I had recently seen some pictures on one of my favorite pervy couples site, FetishDynasty.com, which was inspiring but it also reminded me of a similar experience that I have had. Here is one of the pictures to get your juices flowing before I do too much writing….
Now back before my first latex catsuit purchase and the advent of online shopping; home improvement stores were my one stop shop for a lot of the supplies I needed to satisfy my fetish cravings. I would surf the hardware aisles and marvel at all of the wonderful bondage devices they offered. I doubt the hardware stores were aware of the multi-purposing of their products but I was certain that many a perv had cruised these same aisles before me, thinking the same exact thoughts as I. It would not take long before I had a shopping cart full of goodies. I would often buy rolls and rolls of all sorts of duct tape and electrical tape in all the colors they had to offer. Of course black was my favorite! Most of you know that I began my journey into BDSM experiencing life as a switch and on one such night, I was bound from head to toe in black tape almost identical to the above picture. I would love to say that I had a latex hood on but I actually had encased my head in tape which was applied over a nylon stocking to avoid the sticky tape residue and painful adhesion to my skin.
To date I think the only experience that can match the immobilization and total helplessness I felt in this situation would be a very sturdy latex vacbed compressed over layers of heavy rubber. I was taped up in a standing position but I was to be lowered at some point onto a couch. I was terrified of falling and I could not communicate even if I was to lose my balance. I would not have been able to remove one piece of that tape had my life depended on it. I was totally helpless!! You can have all the trust in the world in your partner but there is still a certain level of panic that can creep inside your head in these moments.
I have always wondered if it is the immobility that I crave or if the immobilization gives me the time to reflect on the exchange of power and the freedom I enjoy when helpless. It is truly hard to rationalize. I try to let those feelings wash over me and sink deep into my inner being. It is times like this where the real world really does fade away and all you have to focus on is yourself, your partner and a heightening of your remaining senses. Pleasing my partner is important but in these moments I have no other job to do but to be an object or maybe a toy. I like that feeling and I love to escape the real world in these moments. I am fully exposed without feeling shame. I am helpless without feeling vulnerable. I am stimulated sexually while removing all signs of my sexuality. It is a bizarre contradiction that I fully embrace. I am absorbed by my own desires and unable to do anything about the yearning that it creates. It is a wonderful feeling. I guess the bonus or icing on the cake is the extreme bondage that mummification employs.

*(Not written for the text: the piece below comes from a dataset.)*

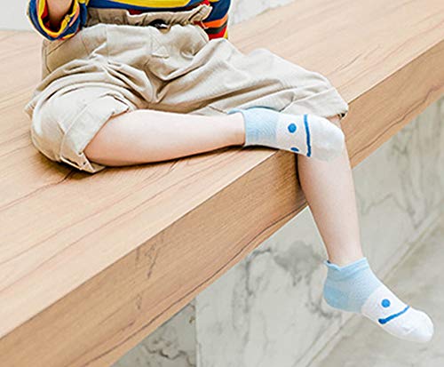 ANIMQUE Calzini Estivi per Bambini 5 paia Genitore-bambino Calze Cotone Sneaker Calzino Bimbo Bimba Quotidiano Base Super Eastico Maglia Traspirante Sottile (16/17 EU) 0-6 Mesi Blu, XS

A Mummification Scene with myself and Dalton Ott of SeriousBondage.com, a mummification enthusiast. Here is one of his “Ott-isms” ~ I love being put into and putting others into very heavy and extreme bondage. I love going on a journey to my “happy place”. I also enjoy and am skilled at helping other like-minded travelers find their “happy place”. If the mood is right, there is a power dynamic in my play, but the bondage experience is my main focus.”
I have always enjoyed my experiences as a bottom as I feel they have made me a better dominant. I love that I can share an empathy with my submissive subjects yet not be swayed by them. I always knew when no meant no more, and when no meant please do not stop or give in to my whimpering or pleading. My experience as a bottom helps me tremendously at the top. There are few situations where a submissive is as dependent on me as when they are completely mummified. The bond that is created in those moments is almost unbreakable. The trust it requires is a foundation for growth within my own kinky lifestyle and intimacy with my submissive or partner.

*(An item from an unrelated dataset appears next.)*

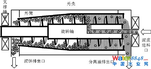 (1)沉降式離心機(jī):如圖1所示,在一個(gè)旋轉(zhuǎn)的圓簡形容器中,泥漿中固體顆粒將受到比重力大很多倍離心力的作用,使得比液體密度大的固體顆粒沿半徑向旋轉(zhuǎn)的四壁移動(dòng)沉積,如四壁是開孔的或是可滲透的,液體穿過沉積的固體顆粒和四壁而排出,從而達(dá)到固液分離的目的。淤泥經(jīng)脫水以后含水率在(1.0~1.2)wL左右。日本采用的沉降式離心機(jī)每小時(shí)處理100m3,有的場合可以少用藥劑或者不用藥劑,轉(zhuǎn)速3000r/min左右。
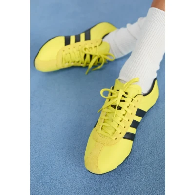 ZalandoSlip into retro style with the adidas Tokyo shoes. The lightweight nylon upper has a slim, lowprofile build that's vintage and modern at the same time. Underneath, a rubber outsole provides great grip so you can stroll with confidence. Lace up these trainers, and move seamlessly from work to weekend and every casual occasion in between. Sale | Upper material: synthetics/textile/Lining: textile/Sole: synthetics/Insole: textile | Sale order at Zalando UK! Size: 4.5. Color: Pure sulfur/dark brown/gold metallic. Pattern: plain.

Thank you to Fetish Dynasty for reminding me of the good times I have had in the past, and SeriousBondage.com deserves a thank you as well for the memories they will continue to help me create. Since all of my mummification experiences were before I had a website, there are sadly no photos for me to share. This was back when I played without cameras or production equipment. I remember what it used to be like when I did these bizarre kinky things for no one else but myself and my partner to enjoy in the moment. I am sure there is something to be said about that as well the excitement of how I do things now. These days I don’t do much without journaling it somewhere and taking pictures just in case, but once in a great while I try to enjoy myself privately just like all of you.
So back to the point, what is a favorite media for your own mummification sessions? How many of you have journeyed further into the realm of fiberglass and plaster casting and if not do you want to? What do you consider to be an extended session while being mummified or encased? Is it only mummification if your head is wrapped fully or encased entirely? Do most of your senses have to be removed? For myself I would have to say yes and more to all of the aforementioned. I do realize that we are all different and there is no right or wrong way.

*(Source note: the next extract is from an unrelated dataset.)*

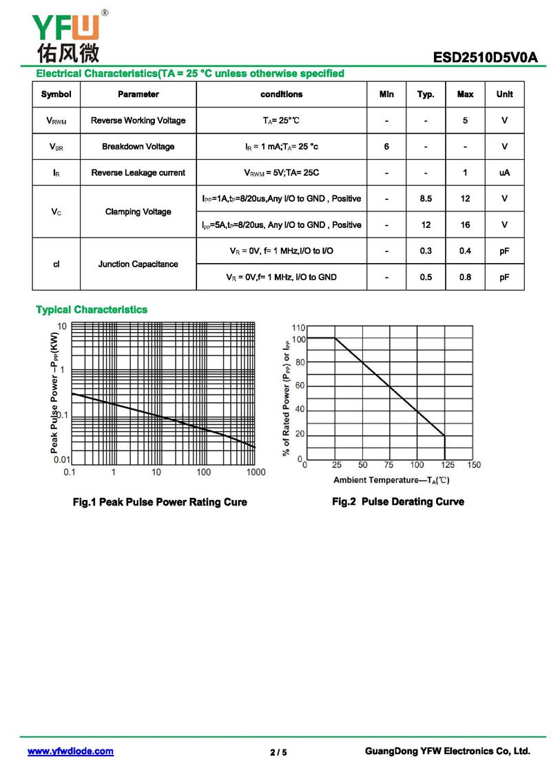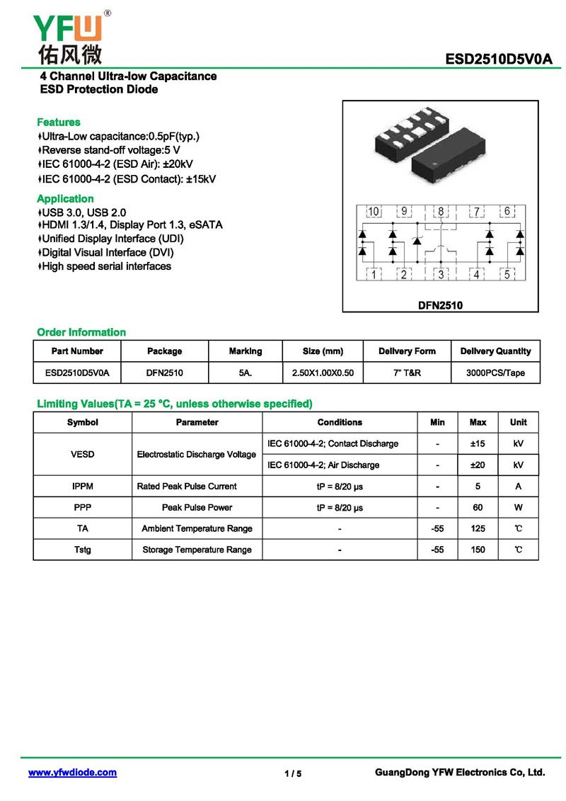 靜電保護二極管ESD2510D5V0A 規格書_價格_PDF手冊-廣東佑風微原廠ESD2510D5V0A DFN2510_(YFW佑風微)品牌

One of my favorite SeriousBondage.com photo shoots had me putting my male submissive into a full latex suit and then I locked him inside more layers of rubber. By the time I was done my slave was encased inside of three separate latex sleep sacks. This was a super hardcore experience for my sub and a thrill for me. I would have to say that there is a fine line between mummification and encasement. In this case, my sub was so completely covered and immobilized that I believe it would qualify as mummification. This began our journey into even more extreme submission and levels of bondage but that is a story for another day.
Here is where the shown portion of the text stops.